### [SOURCE DATA]
::::
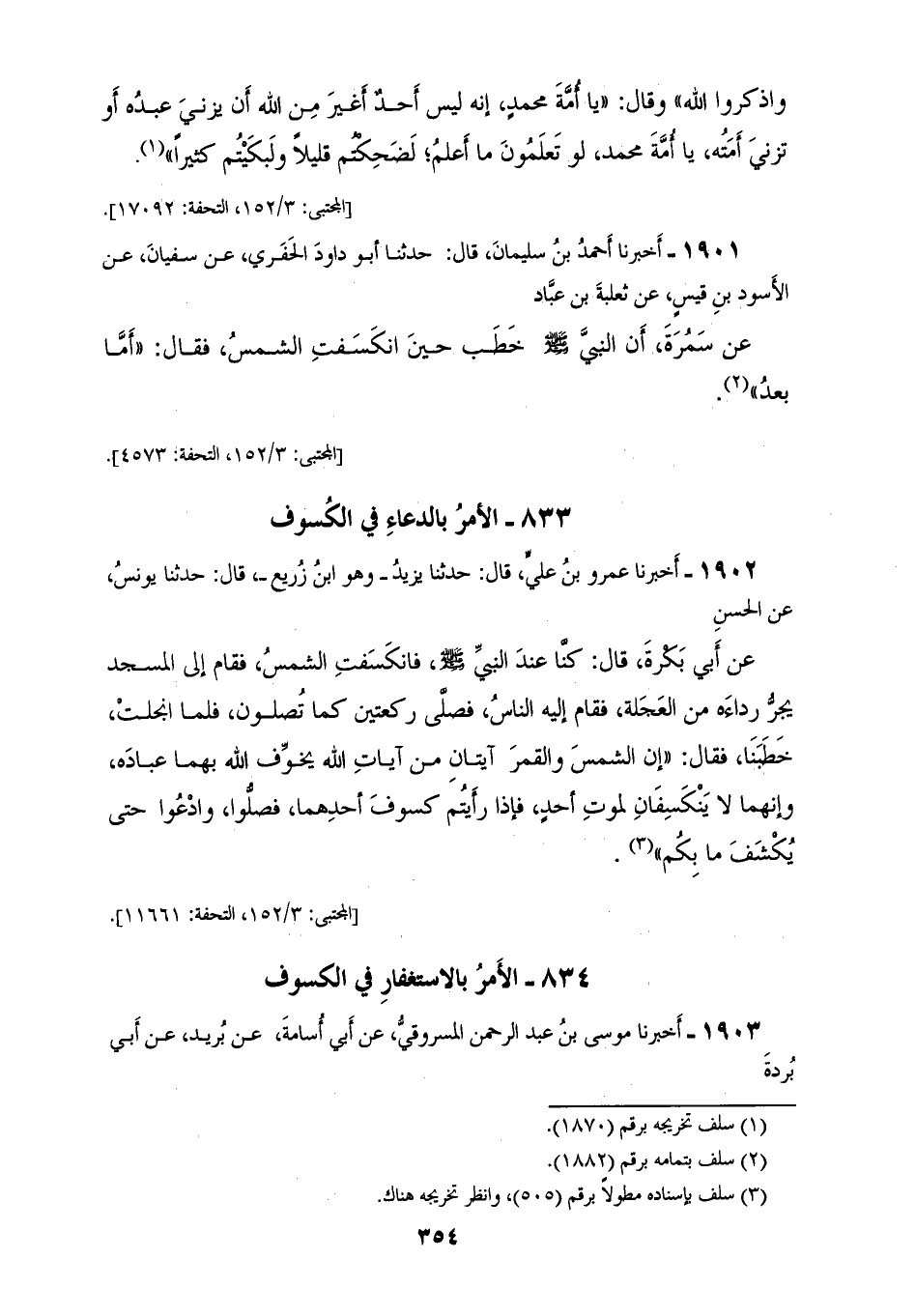 1901 - أَخْبَرَنَا أَحْمَدُ بْنُ سُلَيْمَانَ، قَالَ: حَدَّثَنَا أَبُو دَاوُدَ الْحَفَرِيُّ، عَنْ سُفْيَانَ، عَنِ الْأَسْوَدِ بْنِ قَيْسٍ، عَنْ ثَعْلَبَةَ بْنِ عَبَّادٍ، عَنْ سَمُرَةَ: أَنَّ النَّبِيَّ صَلَّى اللهُ عَلَيْهِ وَسَلَّمَ: §خَطَبَ حِينَ انْكَسَفَتِ الشَّمْسُ، فَقَالَ: «أَمَّا بَعْدُ»
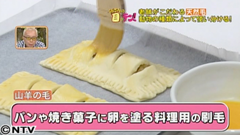 一方、山羊の毛は、細くて柔らかく、毛がちぢれているのが特徴。さらに寒く乾燥した高山に生息することから、空気や水分をためこむ性質があるんだそう。そのため、パンや焼き菓子に卵を塗るときなど、料理用の刷毛に適しています。
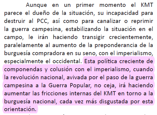 Con un proletariado muy escaso y muy debil políticamente, la KMT fue la plataforma clave para el PCC para convertirse en la referencia de la lucha antimperialista en China. Pero el KMT era un movimiento en el que cohabitaban distintas clases con el objetivo de liberar China.
::::
### [EXERCISE GOAL]
When you repeat the lines above, keep them exact and leave out each image they contain.

### [TASK OUTPUT]
 1901 - أَخْبَرَنَا أَحْمَدُ بْنُ سُلَيْمَانَ، قَالَ: حَدَّثَنَا أَبُو دَاوُدَ الْحَفَرِيُّ، عَنْ سُفْيَانَ، عَنِ الْأَسْوَدِ بْنِ قَيْسٍ، عَنْ ثَعْلَبَةَ بْنِ عَبَّادٍ، عَنْ سَمُرَةَ: أَنَّ النَّبِيَّ صَلَّى اللهُ عَلَيْهِ وَسَلَّمَ: §خَطَبَ حِينَ انْكَسَفَتِ الشَّمْسُ، فَقَالَ: «أَمَّا بَعْدُ»
 一方、山羊の毛は、細くて柔らかく、毛がちぢれているのが特徴。さらに寒く乾燥した高山に生息することから、空気や水分をためこむ性質があるんだそう。そのため、パンや焼き菓子に卵を塗るときなど、料理用の刷毛に適しています。
 Con un proletariado muy escaso y muy debil políticamente, la KMT fue la plataforma clave para el PCC para convertirse en la referencia de la lucha antimperialista en China. Pero el KMT era un movimiento en el que cohabitaban distintas clases con el objetivo de liberar China.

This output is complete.